··· Exercise data ···
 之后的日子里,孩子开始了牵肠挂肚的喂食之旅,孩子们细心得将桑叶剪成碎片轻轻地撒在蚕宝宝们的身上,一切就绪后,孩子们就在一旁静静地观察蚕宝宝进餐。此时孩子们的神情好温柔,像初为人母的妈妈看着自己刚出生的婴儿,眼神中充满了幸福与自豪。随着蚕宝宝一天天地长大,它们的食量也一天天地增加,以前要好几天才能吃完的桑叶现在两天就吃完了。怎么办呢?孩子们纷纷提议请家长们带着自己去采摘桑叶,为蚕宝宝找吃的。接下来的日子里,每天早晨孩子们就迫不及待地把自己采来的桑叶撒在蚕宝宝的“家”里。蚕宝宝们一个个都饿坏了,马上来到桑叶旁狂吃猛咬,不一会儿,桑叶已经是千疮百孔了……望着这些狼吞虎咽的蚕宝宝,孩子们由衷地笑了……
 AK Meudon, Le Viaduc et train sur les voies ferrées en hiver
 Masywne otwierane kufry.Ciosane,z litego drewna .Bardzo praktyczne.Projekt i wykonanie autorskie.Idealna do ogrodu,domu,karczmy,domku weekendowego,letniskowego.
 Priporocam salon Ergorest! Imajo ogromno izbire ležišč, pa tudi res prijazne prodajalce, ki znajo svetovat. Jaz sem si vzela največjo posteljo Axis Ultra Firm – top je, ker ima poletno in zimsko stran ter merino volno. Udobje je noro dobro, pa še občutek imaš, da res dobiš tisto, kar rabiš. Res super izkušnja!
···
··· Exercise data ···
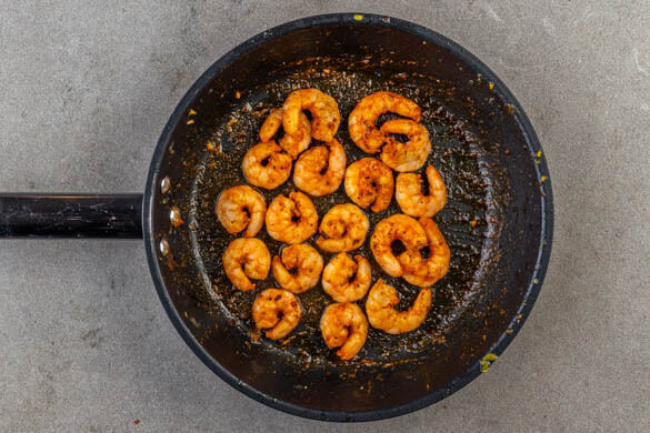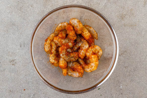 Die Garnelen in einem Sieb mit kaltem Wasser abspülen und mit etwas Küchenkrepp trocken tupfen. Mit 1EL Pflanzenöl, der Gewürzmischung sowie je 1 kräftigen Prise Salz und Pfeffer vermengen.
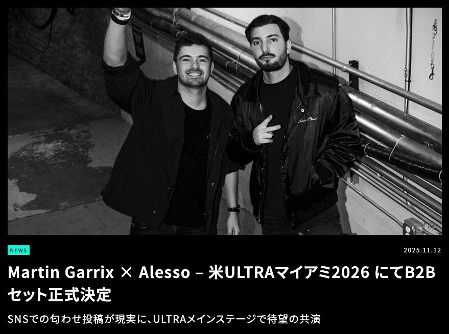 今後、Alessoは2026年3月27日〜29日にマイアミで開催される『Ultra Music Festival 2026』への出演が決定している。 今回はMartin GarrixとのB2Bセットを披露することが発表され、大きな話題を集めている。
···
How to complete this task.
Could you reproduce exactly the lines of the entries above, from the one with "Masywne otwierane kufry.Ciosane,z" through the one with "Priporocam salon Ergorest!", and nothing else?

Solution for this task.
 Masywne otwierane kufry.Ciosane,z litego drewna .Bardzo praktyczne.Projekt i wykonanie autorskie.Idealna do ogrodu,domu,karczmy,domku weekendowego,letniskowego.
 Priporocam salon Ergorest! Imajo ogromno izbire ležišč, pa tudi res prijazne prodajalce, ki znajo svetovat. Jaz sem si vzela največjo posteljo Axis Ultra Firm – top je, ker ima poletno in zimsko stran ter merino volno. Udobje je noro dobro, pa še občutek imaš, da res dobiš tisto, kar rabiš. Res super izkušnja!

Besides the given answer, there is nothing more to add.